Looking back over two decades, a senior school-finance researcher recently acknowledged that he and his colleagues had failed to anticipate the extent to which the fundamental responsibility for funding education would shift from the local level to the states.
At a workshop at the annual meeting of the American Education Finance Association this month, Kern Alexander of Virginia Polytechnic and State University reflected on his role in the National Education Finance Projects, one of two federal panels that issued influential reports on school funding in the early 1970’s.
“We missed a lot of things,’' Mr. Alexander recalled. “We didn’t know they were state funding systems, not local systems.’'
“We didn’t look at students as children of the state, rather than of the locality,’' he added.
Another unforeseen development was the emergence of equity lawsuits as a major factor in school finance, Mr. Alexander said.
“We didn’t realize that the legislatures’ plenary powers would be called into question by the courts and the language of the state constitutions,’' he said. “We didn’t know we would have 25 active finance cases today.’'
Mr. Alexander noted later, however, that his panel’s work had had an important impact on many states’ school-finance systems, leading for example to a greater emphasis on the early grades in funding formulas.
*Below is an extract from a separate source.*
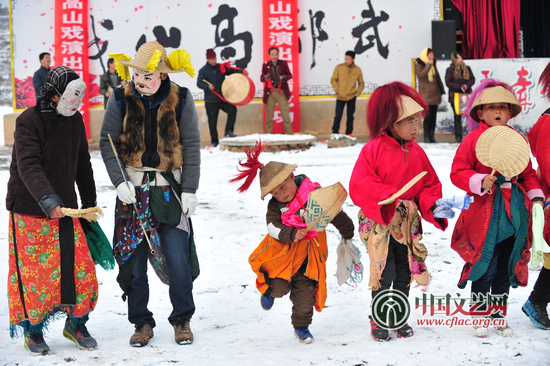 “场地踩台”表演“凤凰三点头”最小把式传承人只有3岁。 王振成 摄
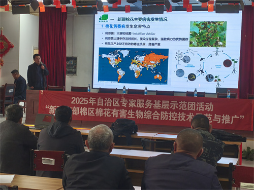 近日,植保所国家棉花产业技术体系枯黄萎病防控岗位科学家赵卫松研究员受邀参加“新疆南部棉区棉花有害生物综合防控技术示范与推广专家服务基层示范团活动”,该活动由新疆维吾尔自治区人社厅主办,新疆维吾尔自治区农业科学院植物保护研究所承办。

Moreover, he added, “We saw that the public had to be convinced of the need for investment in education.’'
Participants in the workshop at the Albuquerque, N.M., meeting also speculated on the kinds of changes likely to occur in school finance over the next two decades.
For Mr. Alexander, a key task will be to understand the full implications of court decisions mandating greater equity in state school-funding systems.
“We haven’t fully accepted the idea that we aren’t operating with a small amount for some children and a large amount for others,’' he said.
Another veteran of the earlier panels, Richard Rossmiller of the University of Wisconsin at Madison, suggested that the trend of recent years would continue to its logical conclusion.
“Pressures will move us to full state funding and a full system of choice,’' Mr. Rossmiller predicted. “I see local control as becoming more and more mythological.’'
Mr. Rossmiller also noted an ominous implication of that trend for members of the A.E.F.A., who spend much of their time studying and debating how money is divided up at the state and school district levels.
“In 20 years, we won’t have a job,’' he warned.--H.D.